Ed Brubaker has never been a formalist, which makes sense since his inspirations are in classical detective and adventure novels that make use of more simple story structures and prose that build up into massive narrative explosions. To his credit this style has worked for several years, most recently the Reckless series which are some of my favorite graphic novels of all time. But the trouble with the way The Knives is organized is that it calls attention to that very structure, intentionally or not. We open with a story about storytelling, we overtly shift perspectives chapter to chapter, we set up two characters who collide after living comedically different lives. Yet none of that feels reflected in the prose. It’s a similar problem to Where the Body Was. At some point, you write yourself into situations where your craft either needs to match the material you’re going for or you’re forced to change the material. Brubaker does neither and just allows the style to stay the same even if it’s not serving the story anymore.

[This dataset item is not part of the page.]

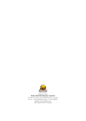 Registered office Kolte-Patil Developers Limited 2nd Floor, City Point, Dhole Patil Road, Pune – 411001 Tel. No.: +91-20-66226500, Fax No.: +91-20-66226511 Website: www.koltepatil.com CIN: L45200PN1991PLC129428

The other problem is that The Knives doesn’t function as its own entity like every other Criminal book has, but rather as a setup for more Criminal later. It ends up embodying the commercial compromises for the sake of content that it so well skewers in the opening by treating its world and characters like a continuous content farm to make more adventures, absent the cathartic and self-contained stakes that made each volume of the series so engaging. I love Jacob’s struggle against Dan and the Hollywood machine after they turn his existential comic strip into just another cop show. But by the end, that’s exactly what happens to Jacob, Angie and Tracy. What is The Knives if not just another crime comic? It doesn’t feel like a story being told for its own sake, for its own reasons and ambitions, instead it’s just more Criminal to synergize with more upcoming Criminal. The joy of Criminal has always been that you could start reading it from anywhere, but The Knives assumes a certain level of investment. Even if you go in blind and grow to like Jacob, Tracy and Angie, the book just stops rather than ends, with a message that there will be more, succumbing to the very logic that we thought the book was making fun of.

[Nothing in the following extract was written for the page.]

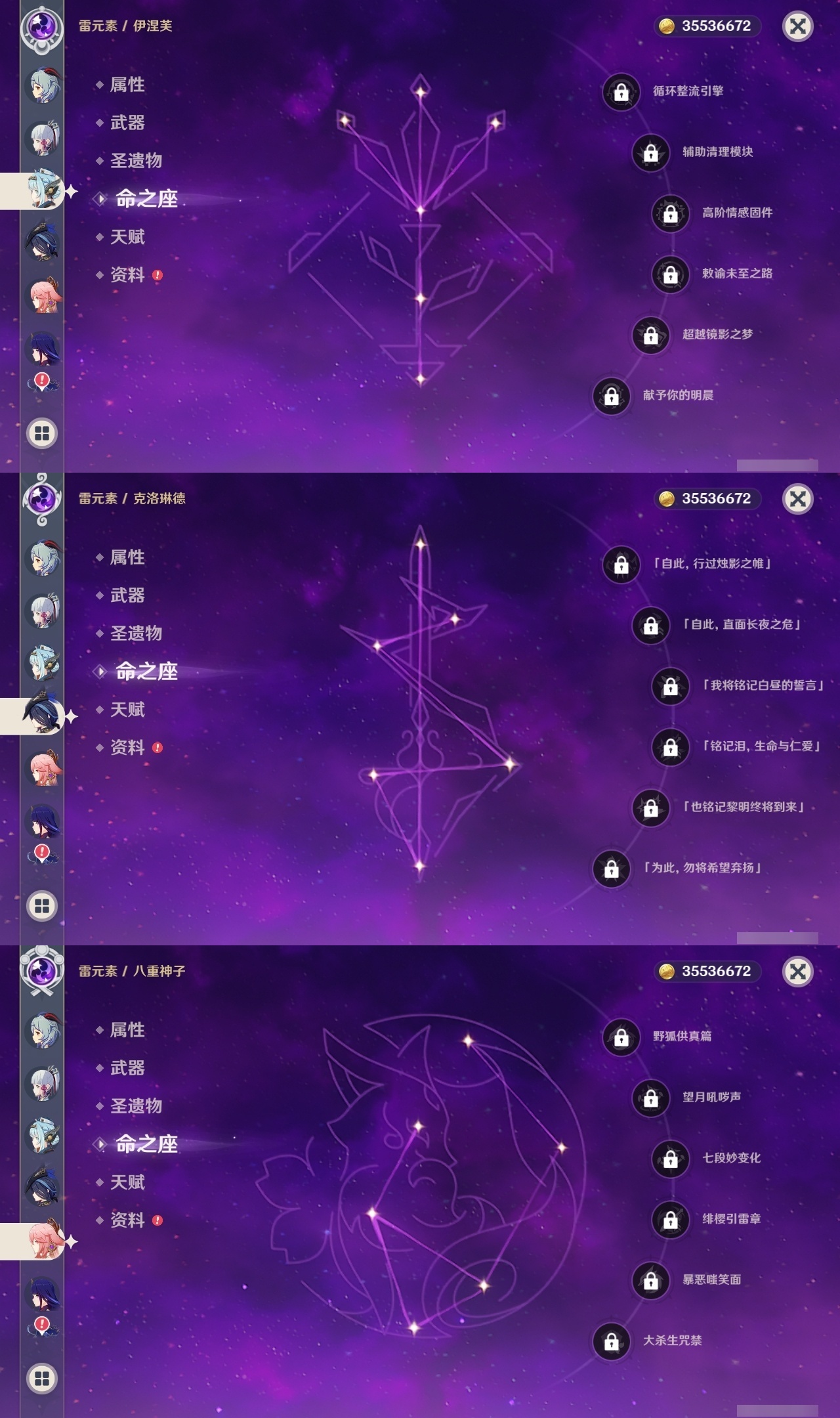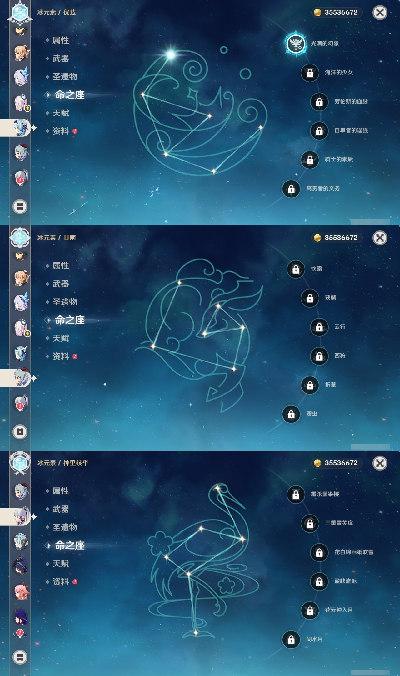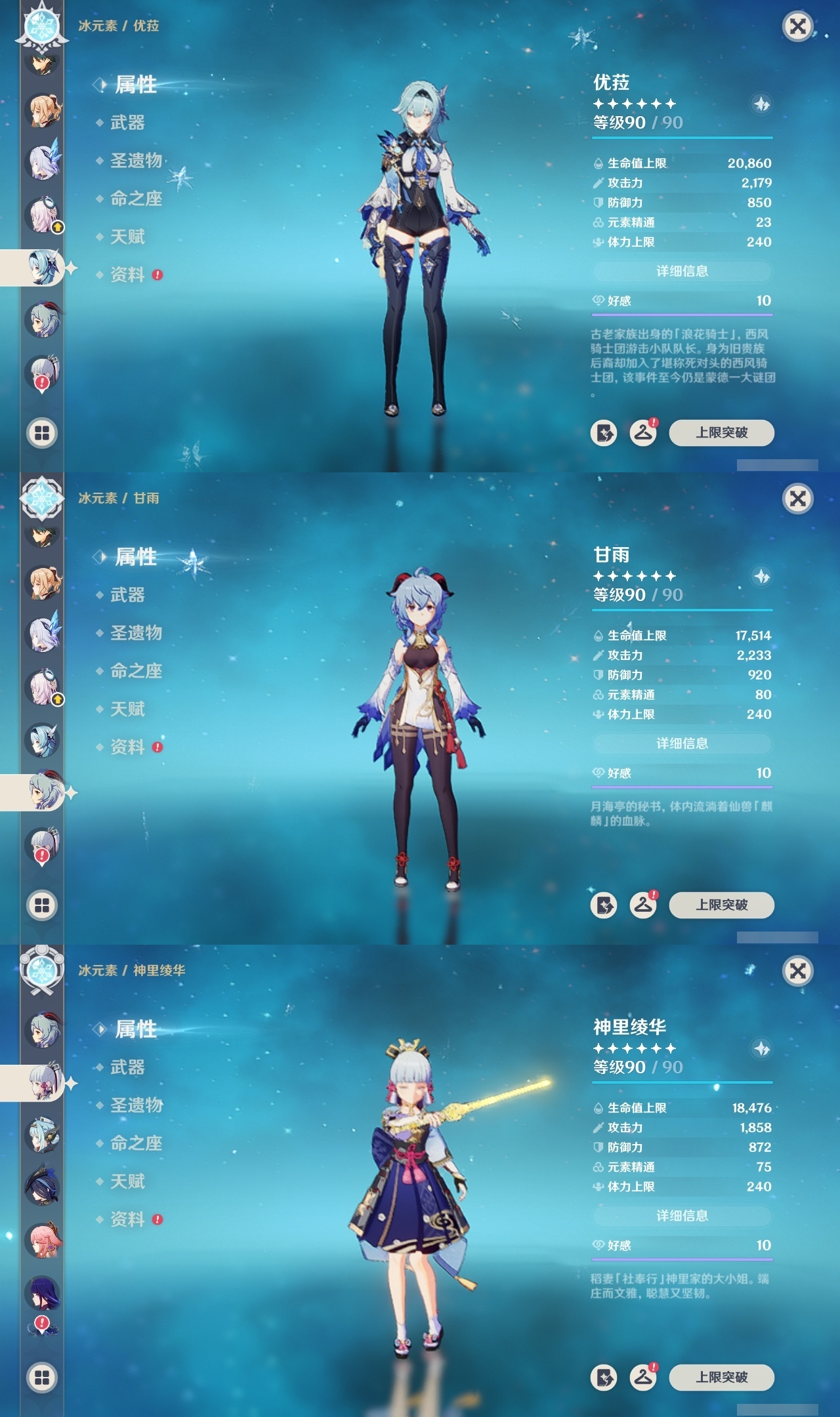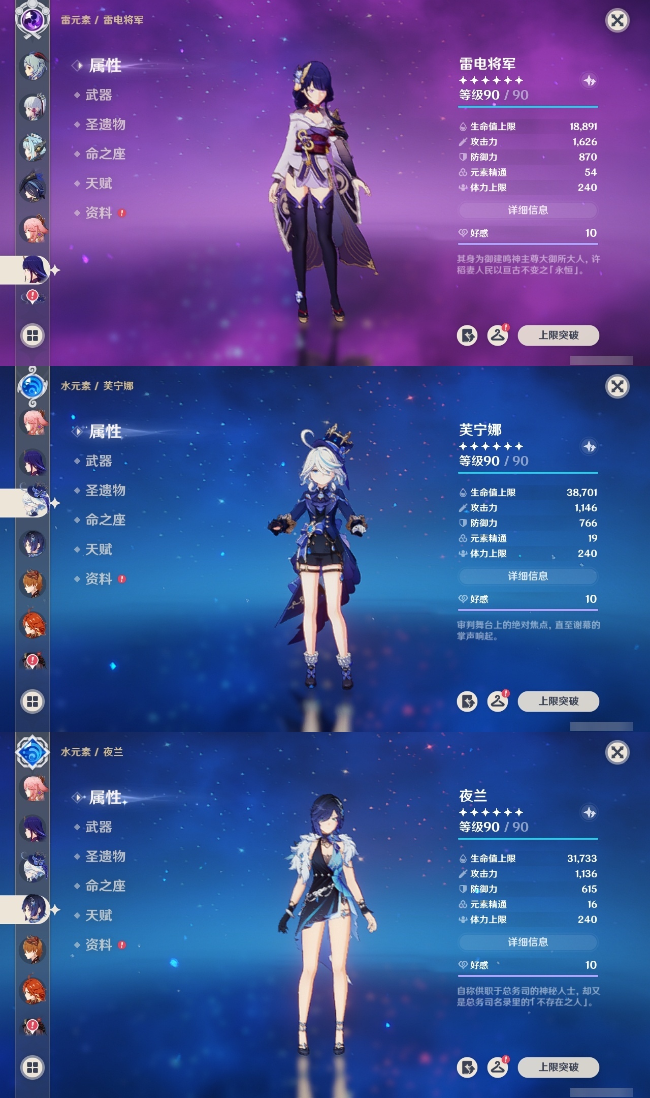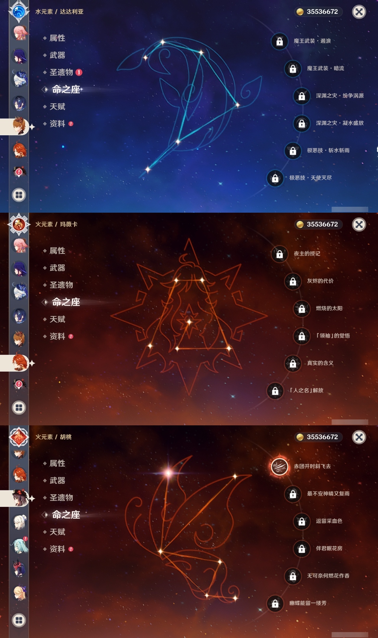 【原神】满命,冒险等级:60,五星数量:50,五星角色:迪卢克 6命莫娜 6命琴 6命夜兰 5命雷电将军 3命刻晴 2命妮露 2命恰斯卡 1命胡桃 1命七七 1命优菈 1命珊瑚宫心海神里绫华玛薇卡茜特菈莉钟离达达利亚梦见月瑞希申鹤八重神子芙宁娜提纳里闲云丝柯克伊涅芙纳西妲菈乌玛枫原万叶甘雨魈克洛琳德__五星武器:阿莫斯之弓 2精和璞鸢 2精星鹫赤羽鹤鸣余音护摩之杖狼的末路四风原典松籁响起之时天空之脊天空之卷天空之翼无工之剑雾切之回光薙草之稻光息灾若水圣显之钥赦罪__四星角色:班尼特 6命行秋 6命九条裟罗 6命香菱 6命久岐忍 6命凝光 6命迪奥娜 6命砂糖 6命莱依拉 6命柯莱 6命卡维 6命芭芭拉 6命早柚 6命托马 6命五郎 6命烟绯 6命重云 6命辛焱 6命诺艾尔 6命罗莎莉亚 6命雷泽 6命菲谢尔 6命北斗 6命珐露珊 5命多莉 5命云堇 5命琳妮特 5命卡齐娜 4命欧洛伦 4命赛索斯 4命鹿野院平藏 3命坎蒂丝 3命嘉明 3命瑶瑶 2命蓝砚 2命夏沃蕾 2命塔利雅 2命绮良良 1命菲米尼 1命爱诺 1命埃洛伊

For his part, Sean Phillips has perfected the art of rough and tumble characters, with an art deco flair that radiates from both his line work and is enhanced by the moody colors of Jacob Phillips. Stylistically, The Knives is at home with the California Noir quality of so much of Brubaker and Phillips’ past work, but again this is as much praise as it is criticism. There isn’t anything new here, there isn’t anything that’s subpar either. It’s what you’ve come to expect and not a drop more or less. One major positive in the latest phase of Brubaker and Phillips’ career is that Jacob Phillips brings out some of the best in Sean Phillips’ art. While Sean Phillips has been colored by some of the best, the quality and shared aesthetic sensibilities of the father-son duo make for a much more consistently complimentary style. 

The Knives is charming more often than not, weaving together an entertaining story with familiar characters and archetypes. It’s a comic that goes down smooth at the end of a long week, the kind Brubaker and Phillips have excelled at for years. But it’s also nothing new, and every opportunity the book gets to flirt with innovation it ends up ignoring to its detriment. As much fun as Criminal has been over the years, it’s difficult for me not to read this story as an admission of defeat, that this sets up the very kind of stories that Jacob himself appeared to be fighting against. If the goal of this comics partnership is constant output, they’ve certainly achieved that. But if the goal is to grow as artists with new challenges and new ideas, The Knives has abandoned that entirely.